» About this task
Output the full listing below exactly; the images stay out.
Segment Start: Dataset content
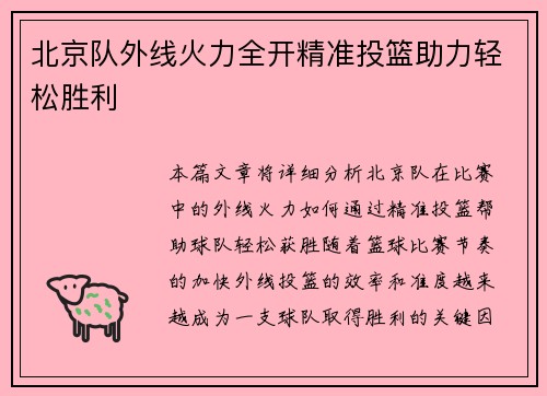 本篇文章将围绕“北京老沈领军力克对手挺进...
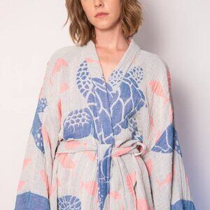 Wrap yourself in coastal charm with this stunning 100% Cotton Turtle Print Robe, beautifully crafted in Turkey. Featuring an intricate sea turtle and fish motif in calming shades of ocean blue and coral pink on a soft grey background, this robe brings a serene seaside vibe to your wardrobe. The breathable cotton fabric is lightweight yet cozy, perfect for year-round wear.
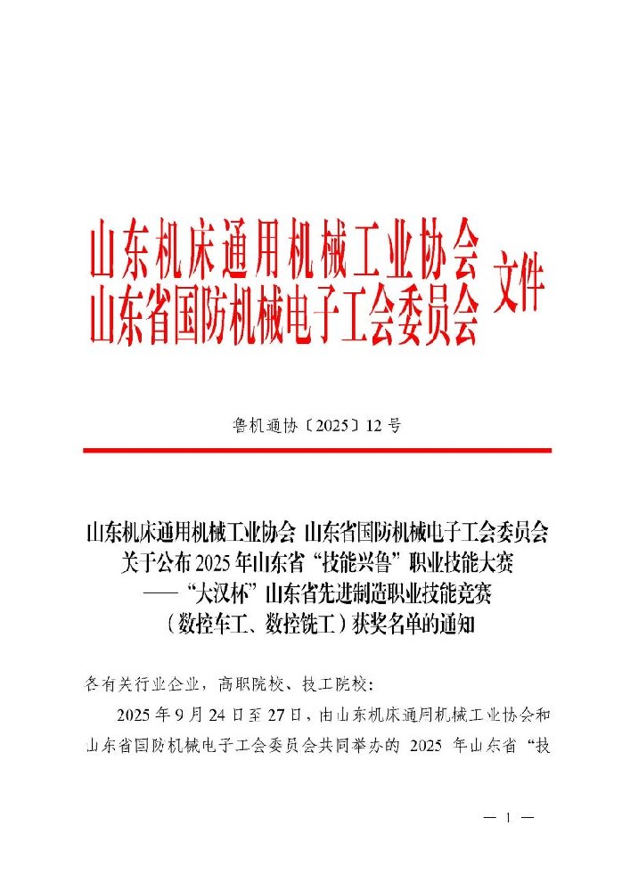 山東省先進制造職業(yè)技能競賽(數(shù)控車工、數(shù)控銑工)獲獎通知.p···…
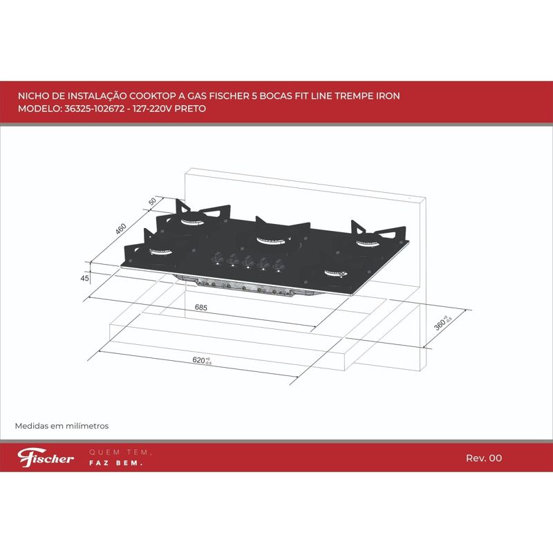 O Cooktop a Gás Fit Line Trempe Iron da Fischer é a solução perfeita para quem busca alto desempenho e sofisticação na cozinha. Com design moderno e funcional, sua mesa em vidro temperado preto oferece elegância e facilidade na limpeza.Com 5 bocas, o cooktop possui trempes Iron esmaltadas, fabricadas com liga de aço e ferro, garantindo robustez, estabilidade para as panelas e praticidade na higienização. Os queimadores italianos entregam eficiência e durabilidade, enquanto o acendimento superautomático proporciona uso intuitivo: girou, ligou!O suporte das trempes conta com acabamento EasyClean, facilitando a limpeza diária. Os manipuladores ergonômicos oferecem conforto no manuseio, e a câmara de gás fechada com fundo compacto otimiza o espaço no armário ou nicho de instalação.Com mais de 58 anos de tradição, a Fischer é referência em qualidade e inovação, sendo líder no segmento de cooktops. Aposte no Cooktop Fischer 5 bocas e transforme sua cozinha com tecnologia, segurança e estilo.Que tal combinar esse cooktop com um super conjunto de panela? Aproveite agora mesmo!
Segment End: Dataset content
» Solved exercise
 本篇文章将围绕“北京老沈领军力克对手挺进...
 Wrap yourself in coastal charm with this stunning 100% Cotton Turtle Print Robe, beautifully crafted in Turkey. Featuring an intricate sea turtle and fish motif in calming shades of ocean blue and coral pink on a soft grey background, this robe brings a serene seaside vibe to your wardrobe. The breathable cotton fabric is lightweight yet cozy, perfect for year-round wear.
 山東省先進制造職業(yè)技能競賽(數(shù)控車工、數(shù)控銑工)獲獎通知.p···…
 O Cooktop a Gás Fit Line Trempe Iron da Fischer é a solução perfeita para quem busca alto desempenho e sofisticação na cozinha. Com design moderno e funcional, sua mesa em vidro temperado preto oferece elegância e facilidade na limpeza.Com 5 bocas, o cooktop possui trempes Iron esmaltadas, fabricadas com liga de aço e ferro, garantindo robustez, estabilidade para as panelas e praticidade na higienização. Os queimadores italianos entregam eficiência e durabilidade, enquanto o acendimento superautomático proporciona uso intuitivo: girou, ligou!O suporte das trempes conta com acabamento EasyClean, facilitando a limpeza diária. Os manipuladores ergonômicos oferecem conforto no manuseio, e a câmara de gás fechada com fundo compacto otimiza o espaço no armário ou nicho de instalação.Com mais de 58 anos de tradição, a Fischer é referência em qualidade e inovação, sendo líder no segmento de cooktops. Aposte no Cooktop Fischer 5 bocas e transforme sua cozinha com tecnologia, segurança e estilo.Que tal combinar esse cooktop com um super conjunto de panela? Aproveite agora mesmo!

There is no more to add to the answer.